Description

An intriguing and absorbing novel about the life of Virginie Gautreau, the subject of John Singer Sargent's most famous portrait Madame X, which scandalized the 1884 Paris Salon—perfect for fans of the bestselling Girl with a Pearl Earring.

When John Singer Sargent unveiled Madame X—his famous portrait of twenty-three-year-old American beauty Virginie Gautreau—at the 1884 Paris Salon, its subject's bold pose, bare shoulders, and provocative dress shocked the public and the critics, who found the portrait displaying Virginie's blatant sexuality bizarre, artificial, and unwholesome. The scandal destroyed Sargent's dreams of a career in Paris, forcing him to flee to England.

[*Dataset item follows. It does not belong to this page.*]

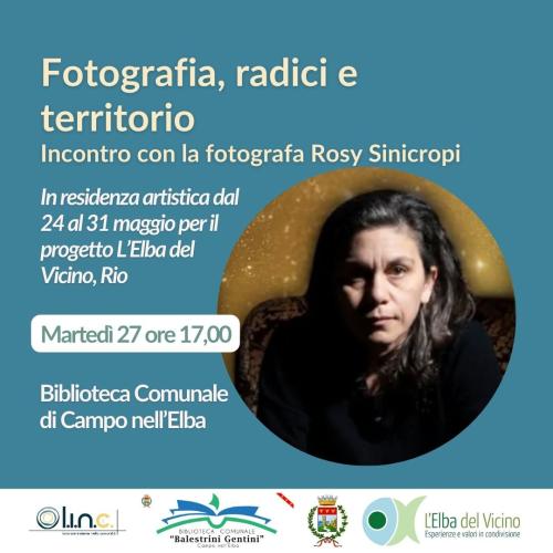 martedì 27 maggio alle ore 17,00 ospiteremo Rosy Sinicropi, fotografa in residenza per il progetto L'Elba del Vicino, Rio.

In this remarkable novel, Gioia Diliberto imagines Virginie's side of the story, drawing on the few known historical facts to re-create Virginie's tempestuous personality and the captivating milieu of nineteenth-century Paris. Born in New Orleans and raised on a lush plantation, Virginie fled to France during the Civil War, where she was absorbed into the fascinating and wealthy world of grand ballrooms, dressmakers' salons, and artists' ateliers. Even before Sargent painted her portrait, Virginie's reputation for promiscuity and showy self-display made her the subject of vicious Paris gossip.

Immersing the reader in Belle Epoque Paris, I Am Madame X is a compulsively readable and richly imagined novel illuminating the struggle between Virginie and Sargent over the outcome of a painting that changed their lives and affected the course of art history.

About the author(s)

Gioia Diliberto has written biographies of Jane Addams, Hadley Hemingway, and Brenda Frazier, as well as the critically acclaimed novels I Am Madame X and The Collection. She lives in the Hudson Valley with her family.

Reviews

Los Angeles Times Diliberto fills in the blanks of Virginie's life with vivid brush strokes. What ensues is a complex and often incredibly fun portrait...[a] handsomely imagined story.

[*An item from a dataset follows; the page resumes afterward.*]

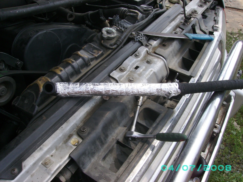 Пятое: шланг слива масла в поддон собрал из шланга сапуна классики и (неправильно!) шланга печки от той же классики. Очень уж у него "гнутость" подходила. Но этот зараза не маслобензостойкий. Да еще вблизи выпускного коллектора. В общем, растрескался и порвался. Сейчас поставил опять-таки собранный из 2-х, но шлангов сапуна от 405 движка. Для термоизоляции обмотал их "тряпочной" изолентой (не полмню, как она называется), а верхнюю часть еще сверху фольгой.

The New Orleans Times-Picayune Diliberto does not make the mistake of imagining a coherent biographical trajectory for her protagonist, but instead presents the messiness and difficulty of real life. In other words, her novelistic portrait of a real person turns out to have more psychological truth than many a biography.

Booklist Lively and provocative...Diliberto has created a heroine who is as capricious and vain and as compelling and seductive as [Sargent's] portrait suggests.

Chicago Tribune a Chicago Tribune Best Book of 2003 A romping good read.